A falta de 3 minutos para finalizar el tercer cuarto mandaba Obradoiro por 5 puntos, 47-52. Fue cuando apareció la “pájara” a la que aludía el coach visitante tras el partido: “En el tercer cuarto hay 2 o 3 minutos de laguna defensiva que nos pasan factura”.

 Sedekerskis (9 puntos, 4 rebotes y 14 de valoración) junto con un sensacional Luca Vildoza (19 puntos, 1 rebote, 5 asistencias y 20 de valoración) fueron los responsables de la escapada vitoriana, permitiéndose incluso éste último un 3+1 demoledor. Parcial de 15-3 para finalizar el tercer acto y 62-55 en la antesala del cuarto final.

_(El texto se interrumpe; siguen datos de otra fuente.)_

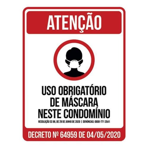 Kit 3 Placas Vermelha Uso Obrigatório Máscara Condomínio Placas de sinalizaço fabricadas com poliestireno de alto impacto PSAI de 2mm e impressão ultravioleta.

En el último cuarto Cohen y Robertson (15 puntos, 4 rebotes, 2 asistencias y 8 de valoración) se echaban al equipo a la espalda. Kassius anotaba, para enmendar en parte los errores de pase que había tenido durante el partido, traducidos en importantes pérdidas visitantes.74-68 a 4 minutos del final del partido e Ivanovic respondía con su cinco de gala para evitar que se le pudiese escapar la victoria que ya intuía. Máxima intensidad defensiva baskonista y Obradoiro que perdía aún más efectivos para la causa por 5 personales: Czerapowicz y Enoch.

De ahí al final intentona gallega desesperada, pero sentenciaba un triple de Peters a un minuto del final dejando la diferencia en 8 puntos y concluía el partido con el ya conocida 80-74 final.

Nueva derrota de Obradoiro quien se asienta en la zona intermedia, con un también intermedio porcentaje, con 5 derrotas y 5 victorias. Presumible era perder el partido, por el escenario, por el rival y, sobre todo, por las circunstancias de las importantes bajas que lastraron el potencial del equipo de la capital de Galicia. Pese a todo, Obradoiro merece un 10 en entrega y lucha, vendió cara su derrota y, quizás, de haber tenido algo más de acierto y menos de relajación defensiva puntual, la historia hubiese sido bien distinta.

Próximo partido, sábado 21 de noviembre a las 20:45 horas contra Burgos en el Fontes do Sar. Aguardamos reacción y victoria, y que el buen juego al que aludía un frustrado Cohen, se traduzca en victorias. Y que no sea morir en la orilla tras tanto y muy bien nadar, en aguas turbulentas.